──────── DATA BELOW

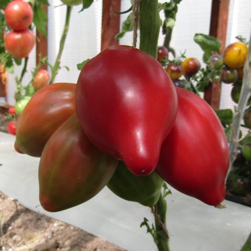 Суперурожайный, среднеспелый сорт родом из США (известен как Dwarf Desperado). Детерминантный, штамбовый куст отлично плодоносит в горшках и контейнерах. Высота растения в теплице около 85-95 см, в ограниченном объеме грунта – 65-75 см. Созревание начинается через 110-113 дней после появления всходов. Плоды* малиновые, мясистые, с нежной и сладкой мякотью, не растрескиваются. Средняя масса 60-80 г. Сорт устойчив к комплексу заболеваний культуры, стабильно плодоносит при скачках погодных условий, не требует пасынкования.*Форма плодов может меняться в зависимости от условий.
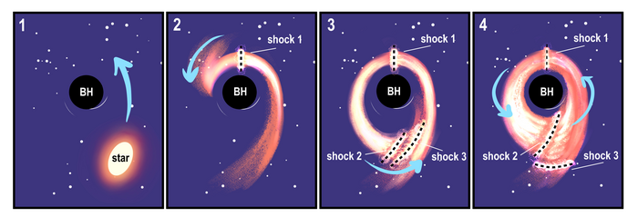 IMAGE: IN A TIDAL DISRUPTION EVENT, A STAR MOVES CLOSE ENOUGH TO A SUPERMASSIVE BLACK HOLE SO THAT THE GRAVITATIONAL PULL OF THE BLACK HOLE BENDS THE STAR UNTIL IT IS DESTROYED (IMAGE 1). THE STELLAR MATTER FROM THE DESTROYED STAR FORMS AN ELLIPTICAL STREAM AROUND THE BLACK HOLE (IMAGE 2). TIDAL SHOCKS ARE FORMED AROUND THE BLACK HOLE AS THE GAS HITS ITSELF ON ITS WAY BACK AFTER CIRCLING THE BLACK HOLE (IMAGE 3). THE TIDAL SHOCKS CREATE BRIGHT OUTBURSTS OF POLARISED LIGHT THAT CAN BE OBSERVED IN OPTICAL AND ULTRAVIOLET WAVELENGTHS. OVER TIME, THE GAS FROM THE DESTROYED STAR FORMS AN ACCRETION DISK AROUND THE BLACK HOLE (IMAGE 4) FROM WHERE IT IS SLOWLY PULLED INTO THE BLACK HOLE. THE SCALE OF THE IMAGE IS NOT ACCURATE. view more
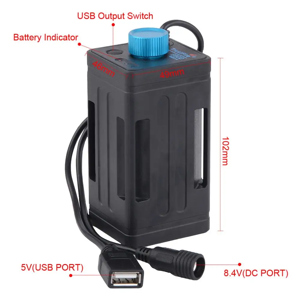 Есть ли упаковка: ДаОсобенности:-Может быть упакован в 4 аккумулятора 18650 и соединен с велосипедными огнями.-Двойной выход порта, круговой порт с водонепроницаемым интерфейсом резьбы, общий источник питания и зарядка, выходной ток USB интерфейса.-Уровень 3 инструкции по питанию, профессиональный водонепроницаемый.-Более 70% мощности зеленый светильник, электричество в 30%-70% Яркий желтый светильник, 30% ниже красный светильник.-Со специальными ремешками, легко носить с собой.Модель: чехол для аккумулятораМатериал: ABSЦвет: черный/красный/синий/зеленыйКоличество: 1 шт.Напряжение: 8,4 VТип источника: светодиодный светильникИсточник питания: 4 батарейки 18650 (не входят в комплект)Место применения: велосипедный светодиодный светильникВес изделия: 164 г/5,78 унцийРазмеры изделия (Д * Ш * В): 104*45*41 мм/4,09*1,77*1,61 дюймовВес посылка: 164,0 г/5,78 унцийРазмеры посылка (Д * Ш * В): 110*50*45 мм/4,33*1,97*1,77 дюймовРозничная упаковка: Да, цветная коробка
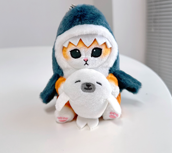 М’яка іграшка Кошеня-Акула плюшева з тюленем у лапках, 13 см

────────────────

_TASK TO COMPLETE_
Copy nothing but the lines from the top of the data down to the line containing "IMAGE: IN A", and leave the pictures out.

_EXERCISE RESULT_
 Суперурожайный, среднеспелый сорт родом из США (известен как Dwarf Desperado). Детерминантный, штамбовый куст отлично плодоносит в горшках и контейнерах. Высота растения в теплице около 85-95 см, в ограниченном объеме грунта – 65-75 см. Созревание начинается через 110-113 дней после появления всходов. Плоды* малиновые, мясистые, с нежной и сладкой мякотью, не растрескиваются. Средняя масса 60-80 г. Сорт устойчив к комплексу заболеваний культуры, стабильно плодоносит при скачках погодных условий, не требует пасынкования.*Форма плодов может меняться в зависимости от условий.
 IMAGE: IN A TIDAL DISRUPTION EVENT, A STAR MOVES CLOSE ENOUGH TO A SUPERMASSIVE BLACK HOLE SO THAT THE GRAVITATIONAL PULL OF THE BLACK HOLE BENDS THE STAR UNTIL IT IS DESTROYED (IMAGE 1). THE STELLAR MATTER FROM THE DESTROYED STAR FORMS AN ELLIPTICAL STREAM AROUND THE BLACK HOLE (IMAGE 2). TIDAL SHOCKS ARE FORMED AROUND THE BLACK HOLE AS THE GAS HITS ITSELF ON ITS WAY BACK AFTER CIRCLING THE BLACK HOLE (IMAGE 3). THE TIDAL SHOCKS CREATE BRIGHT OUTBURSTS OF POLARISED LIGHT THAT CAN BE OBSERVED IN OPTICAL AND ULTRAVIOLET WAVELENGTHS. OVER TIME, THE GAS FROM THE DESTROYED STAR FORMS AN ACCRETION DISK AROUND THE BLACK HOLE (IMAGE 4) FROM WHERE IT IS SLOWLY PULLED INTO THE BLACK HOLE. THE SCALE OF THE IMAGE IS NOT ACCURATE. view more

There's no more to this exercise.